* [Problem to work on] Wherever pictures appear in the listing below, leave them out, and copy exactly, and only, everything from the line with "全長400m歩行者専用吊橋「" down to the line with "stock, debadged emblems, billet".

* [The data]
BEGIN

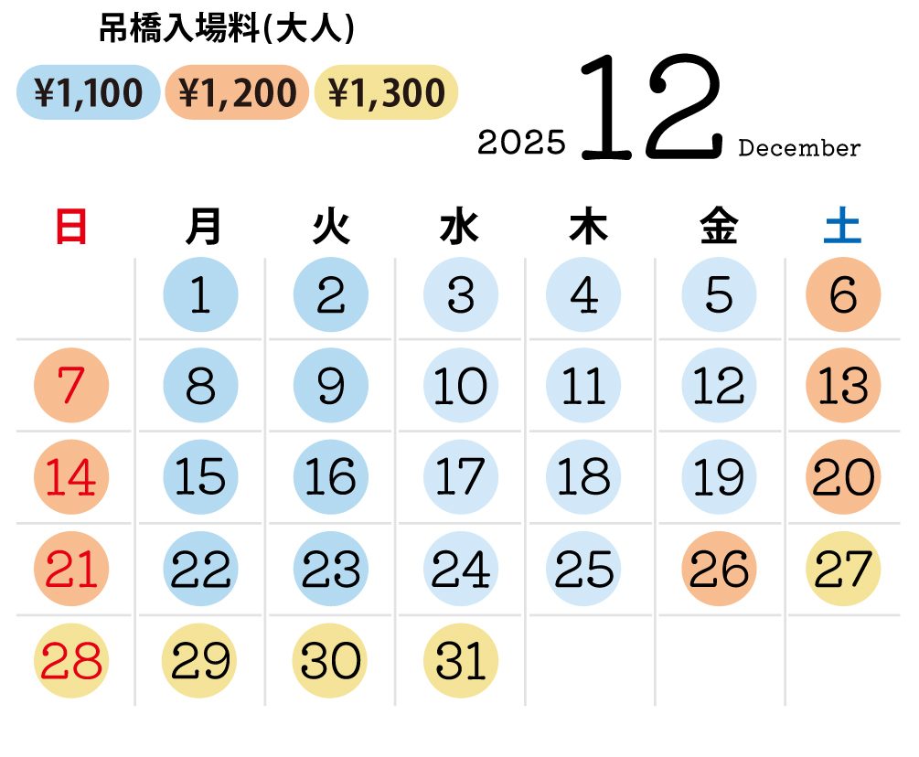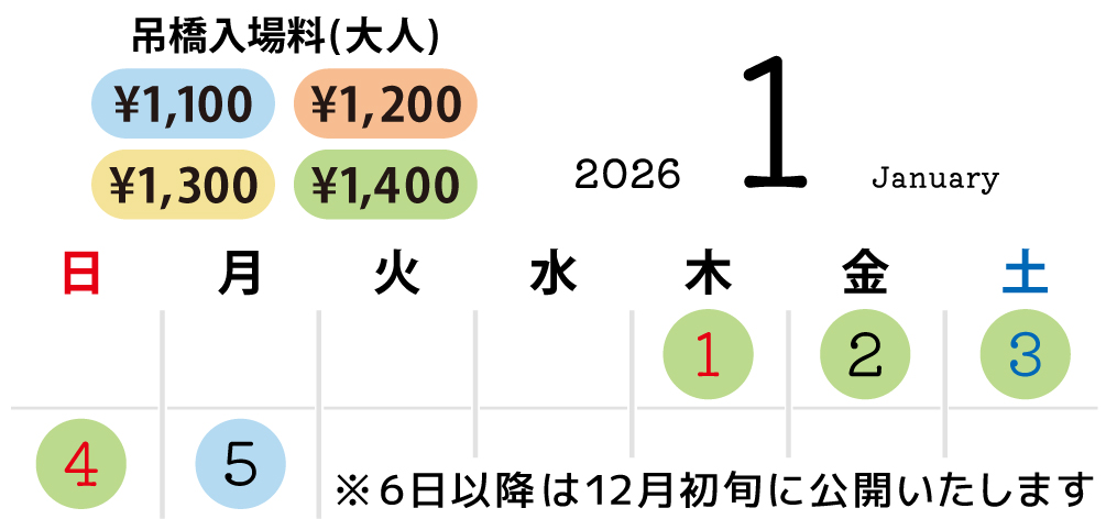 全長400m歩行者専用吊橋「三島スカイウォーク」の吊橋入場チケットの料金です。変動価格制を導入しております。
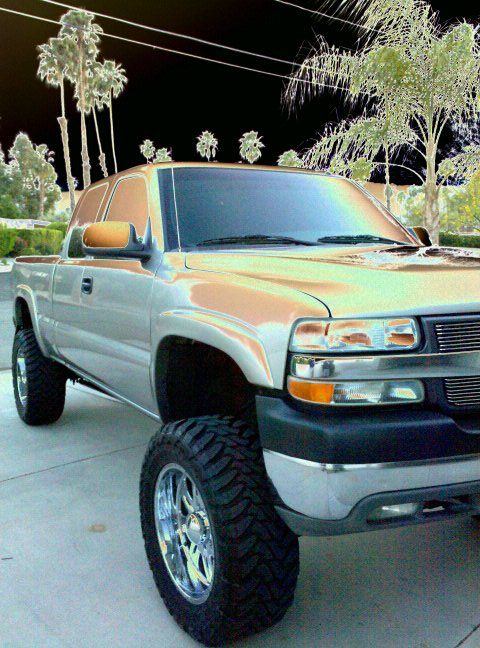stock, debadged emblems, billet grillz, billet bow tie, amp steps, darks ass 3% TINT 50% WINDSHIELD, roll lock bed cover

END
BEGIN

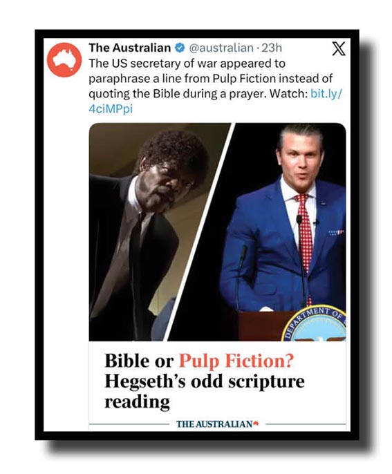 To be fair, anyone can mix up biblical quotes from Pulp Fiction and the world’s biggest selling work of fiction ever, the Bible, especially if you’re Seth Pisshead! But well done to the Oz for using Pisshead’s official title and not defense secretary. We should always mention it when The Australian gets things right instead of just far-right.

END

* [Exercise solution]
 全長400m歩行者専用吊橋「三島スカイウォーク」の吊橋入場チケットの料金です。変動価格制を導入しております。
stock, debadged emblems, billet grillz, billet bow tie, amp steps, darks ass 3% TINT 50% WINDSHIELD, roll lock bed cover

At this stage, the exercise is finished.